Search code examples
c#httpcachingmonoscreen-scraping

Is this a bad way to cache pages for my screen-scraper?


I wrote a simple screen-scraper to help me make vocabulary flash cards for my Greek class. It scrapes the words from an online dictionary, and outputs them in a format that my flash card manager can understand.

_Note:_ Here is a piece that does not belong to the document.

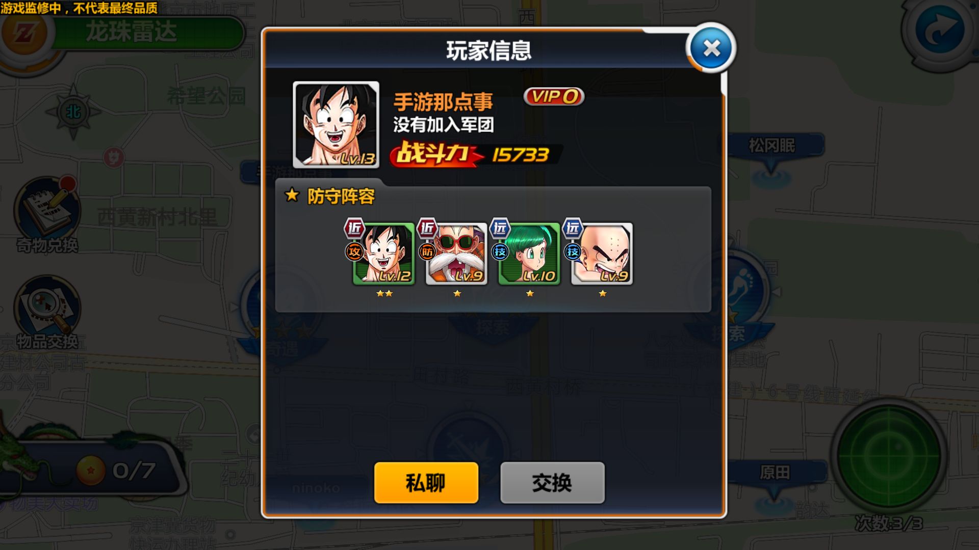 搜索到附近玩家后点击ID,界面会显示这位玩家的相关游戏信息,包括“等级”、“战斗力”、“阵容”等,除了玩家资料外,《龙珠觉醒》目前还提供了玩家间私聊和交换物品的功能。
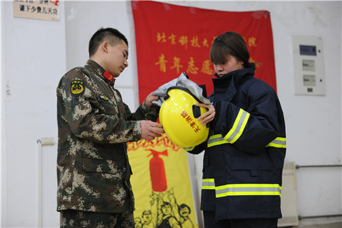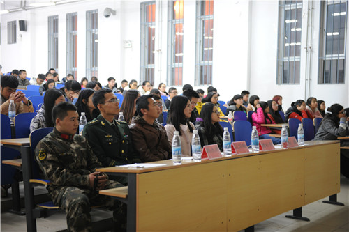 晚上7点,8教108教室,消防安全知识讲座在大家热烈的掌声中正式开始。顾队长向大家讲解了火灾发生的原因、安全用电的必要性、火灾发生时逃生技巧以及如何拨打报警电话准确提供火场信息,并在现场教授同学们如何使用灭火器。随后消防战士王巳赋现场演示并教授学生消防服及配件的穿戴方法,并邀请了几名同学亲身试穿了消防官兵的“战斗服”,穿着厚重的消防服,同学们深深的体会到了消防官兵的辛劳与不易。消防官兵的精彩讲解与演示后,风趣的知识问答环节再次调动起了同学们的热情,现场气氛热烈,同学们积极参与,知识问答环节顾队长耐心讲解相关知识。

I don't want to bombard the dictionary with requests every time I run the scraper, so I cache each page to my hard drive the first time I load them (of course, this also makes it much faster). I've never done any caching before, so I'm not sure what best practices for this sort of thing are. Here is my solution:

using System;
using System.IO;
using System.Net;
using System.Web;

public class PerseusDocument
{
    readonly string url;

    public PerseusDocument (string url)
    {
        this.url = url;

        ... // (load the DOM with a third-party library)
    }

    static string cacheUrl;
    static string CacheUrl {
        get {
            if (cacheUrl == null) {
                cacheUrl = Path.Combine (Environment.GetFolderPath (Environment.SpecialFolder.LocalApplicationData), "perseus");
                Directory.CreateDirectory (cacheUrl);
            }

            return cacheUrl;
        }
    }

    string FullCacheUrl {
        get { return Path.Combine (CacheUrl, HttpUtility.UrlEncode (url)); }
    }

    bool IsCached {
        get { return File.Exists (FullCacheUrl); }
    }

    string Html {
        get {
            if (IsCached)
                return File.ReadAllText (FullCacheUrl);

            WebClient client = new WebClient ();
            string html = client.DownloadString (url);

            using (StreamWriter file = new StreamWriter (FullCacheUrl))
                file.Write (html);

            return html;
        }
    }
}

In other words, I simply check if a file with the same name as the url exists in the cache. If so, I load it, if not, I save the html to a new file. Are there any glaring issues with doing things this way?


Solution

  • You don't need to build your own cache. All your requests will automatically be routed through WinINetCache. To turn on the cache simply do:

    webClient.CachePolicy = new RequestCachePolicy(RequestCacheLevel.Default);
    

    As long as the server has defined their pages as cacheable, then caching will happen automatically.